**WORK REQUIRED:**
Copy out the entries below exactly as they stand, but only from the line containing "Department of Health" through the line containing "From the 1860s, the".

[RECORDS FOR THE EXERCISE]

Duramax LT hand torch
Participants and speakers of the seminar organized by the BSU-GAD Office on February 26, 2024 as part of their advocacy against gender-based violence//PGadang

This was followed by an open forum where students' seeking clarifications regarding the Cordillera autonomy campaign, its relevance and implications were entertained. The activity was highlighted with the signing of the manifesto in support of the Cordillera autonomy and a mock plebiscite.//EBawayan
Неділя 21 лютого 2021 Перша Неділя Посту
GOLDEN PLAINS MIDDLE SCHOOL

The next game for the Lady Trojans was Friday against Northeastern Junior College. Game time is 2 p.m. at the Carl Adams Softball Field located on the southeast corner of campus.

[/RECORDS FOR THE EXERCISE]
[RECORDS FOR THE EXERCISE]

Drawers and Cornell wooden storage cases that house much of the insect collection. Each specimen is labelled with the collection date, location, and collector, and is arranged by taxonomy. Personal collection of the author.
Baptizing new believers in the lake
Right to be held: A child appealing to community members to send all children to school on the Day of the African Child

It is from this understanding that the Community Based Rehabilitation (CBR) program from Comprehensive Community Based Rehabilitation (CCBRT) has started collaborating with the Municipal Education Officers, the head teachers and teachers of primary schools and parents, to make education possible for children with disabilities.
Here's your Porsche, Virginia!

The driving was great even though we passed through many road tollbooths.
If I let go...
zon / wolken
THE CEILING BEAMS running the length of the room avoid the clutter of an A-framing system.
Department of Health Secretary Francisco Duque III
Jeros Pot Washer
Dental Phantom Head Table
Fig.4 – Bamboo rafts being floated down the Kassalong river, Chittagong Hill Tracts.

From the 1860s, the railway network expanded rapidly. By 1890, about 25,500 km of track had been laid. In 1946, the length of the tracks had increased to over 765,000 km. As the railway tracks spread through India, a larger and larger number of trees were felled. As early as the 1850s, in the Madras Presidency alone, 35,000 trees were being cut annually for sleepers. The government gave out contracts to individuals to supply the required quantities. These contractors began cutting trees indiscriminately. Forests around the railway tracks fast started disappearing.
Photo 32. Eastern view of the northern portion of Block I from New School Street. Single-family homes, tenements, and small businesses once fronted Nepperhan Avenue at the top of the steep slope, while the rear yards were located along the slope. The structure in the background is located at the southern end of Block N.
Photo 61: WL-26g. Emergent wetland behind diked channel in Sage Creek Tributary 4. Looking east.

[/RECORDS FOR THE EXERCISE]
[RECORDS FOR THE EXERCISE]

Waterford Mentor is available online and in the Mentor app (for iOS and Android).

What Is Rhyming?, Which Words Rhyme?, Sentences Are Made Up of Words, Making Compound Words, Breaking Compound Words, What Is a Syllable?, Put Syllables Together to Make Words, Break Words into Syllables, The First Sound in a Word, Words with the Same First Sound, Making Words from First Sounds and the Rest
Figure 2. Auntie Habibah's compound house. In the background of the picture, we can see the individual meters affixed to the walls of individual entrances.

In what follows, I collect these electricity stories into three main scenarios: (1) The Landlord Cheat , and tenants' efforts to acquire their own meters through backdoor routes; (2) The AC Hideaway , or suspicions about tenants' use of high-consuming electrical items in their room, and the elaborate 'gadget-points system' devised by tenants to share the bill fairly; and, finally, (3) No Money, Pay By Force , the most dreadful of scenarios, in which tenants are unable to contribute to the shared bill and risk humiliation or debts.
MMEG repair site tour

[/RECORDS FOR THE EXERCISE]

**SOLUTION FOR THIS PROBLEM:**
Department of Health Secretary Francisco Duque III
Jeros Pot Washer
Dental Phantom Head Table
Fig.4 – Bamboo rafts being floated down the Kassalong river, Chittagong Hill Tracts.

From the 1860s, the railway network expanded rapidly. By 1890, about 25,500 km of track had been laid. In 1946, the length of the tracks had increased to over 765,000 km. As the railway tracks spread through India, a larger and larger number of trees were felled. As early as the 1850s, in the Madras Presidency alone, 35,000 trees were being cut annually for sleepers. The government gave out contracts to individuals to supply the required quantities. These contractors began cutting trees indiscriminately. Forests around the railway tracks fast started disappearing.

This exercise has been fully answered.